Part 2 – Spaced practice
Besides revisiting each Threshold Concept and Big Idea multiple times throughout the semester, we recognized the need to space the learning and attempt to match the theoretically optimal intervals (3) as much as possible. As such we have timetabled weeks in the SoW throughout the course to recap prior learning in preparation for topics that require a foundation of understanding.
As suggested by the research, the spacing intervals reduce as the time until the final exams reduces. This means that in Year 9 the intervals are around six weeks and in Year 10 these are three to four week intervals. During Year 11 they begin as three to four week intervals and reduce down to two weeks and one week in the final month before the exam.
Part 3 – Spacing Homework
Evidence summarized by the Education Endowment Foundation (4) suggests that homework is extremely beneficial for older children to progress. Knowing that homework is an evidentially sound strategy, we decided to bring it in line with our spaced teaching schedule.

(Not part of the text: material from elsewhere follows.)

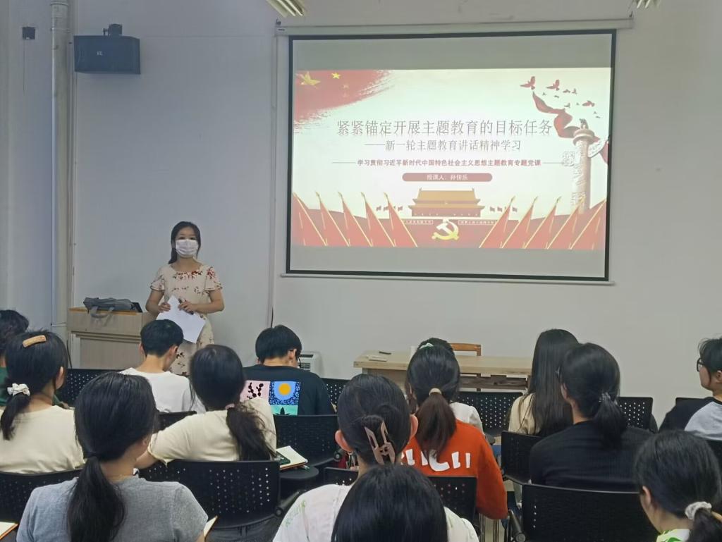 (图1 化工本科生党支部书记孙佳乐讲党课)

By running our homework schedule approximately five weeks behind our teaching schedule we have done more than just plan to aid retention through spacing. During the initial five weeks of each academic year – prior to homework being set on the new content – we have the opportunity to provide homework that recaps learning that will have been forgotten over the summer break. At the beginning of the secondary school journey (Year 7) we can recap learning from primary school and help demonstrate the link between the primary and secondary curriculum.
In our context, we have struggled to engage a significant number of students in large and challenging homework. As such, our new homework strategy provides a small number of simple questions that will take the students between 10 and 20 minutes to complete. This introduces the testing effect, or retrieval practice – low stakes test at regular intervals (5).
It was clear to us from looking at the retention curve (6), (7), that most of the forgetting takes place within or just after the lesson, so we felt that it was important to address this alongside attempting to solve the problem of long-term retention.
This is by far the most challenging part of the plan as it involves a large number of teachers and relies on being able to “sell” these ideas to them. Despite the firm scientific background to these ideas, the challenge in education is shaking people out of the attitude that the correct approach is the approach that we have always taken. In addition, we will face the barriers of cognitive dissonance (whereby we resist processing information that conflicts with our beliefs, (8)), hence we cannot just proscribe a new style of teaching.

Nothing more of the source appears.